Герра Рихтера мой звонок не обрадовал – кажется, я отвлек его от беседы с парочкой высокопоставленных шишек. Наскоро продиктовав номер телефона, он добавил:

– Если у тебя возникнут еще какие-нибудь идеи, звони ему же. – И отключился.

Ладно. Набираем указанный номер... и имеем познавательный разговор с человеком, который вот уже более года руководит группой наблюдения – за моим домом, моими передвижениями, кругом моего общения... даже за магазином, где я совершаю покупки.

Ларс Свенссен – так звали моего собеседника – захотел узнать, был ли мой интерес к возможности закладки бомбы под здание вызван какими-то мистическими «предчувствиями». Я заверил его, что нет. В ответ он заверил меня, что за домом ведется круглосуточное наблюдение с использованием самой современной аппаратуры, и незаметно пронести крупную партию взрывчатки в здание малореально. Хотя, если у меня все же есть «предчувствие», они немедленно проверят все здание. Я сказал «Спасибо, не надо», и отключился.

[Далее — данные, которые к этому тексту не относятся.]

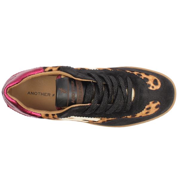 Step into stylish comfort with these Ladies Trainers from Another Trend shoes, model A032, showcases a stylish combination of black suede leather, leopard print and a pink heel cap. This trendy design is complemented by a cushioned insole for added comfort and a gum outsole for durability. Perfect for pairing with outfits, this trainer offers both fashion and function.

Интересно. Я и раньше знал, что за мной ведут наблюдение, но никогда не думал, что в этом участвует столько людей. Вероятно, я просто никогда всерьез не обращал на них внимания, хорошо зная, что в любой момент могу уйти в соседнюю реальность, избавившись от назойливых глаз.

Выйдя из машины, я задержался на улице. Поскольку Ларс снял мои подозрения относительно бомбы под зданием, почему бы не побаловать себя во второй половине дня? У меня в последнее время было столько негативных событий – выматывающее общение с родителями, взрыв в поезде, эта мутная беседа в полицейском управлении… Пришло время компенсировать все это какими-нибудь положительными эмоциями.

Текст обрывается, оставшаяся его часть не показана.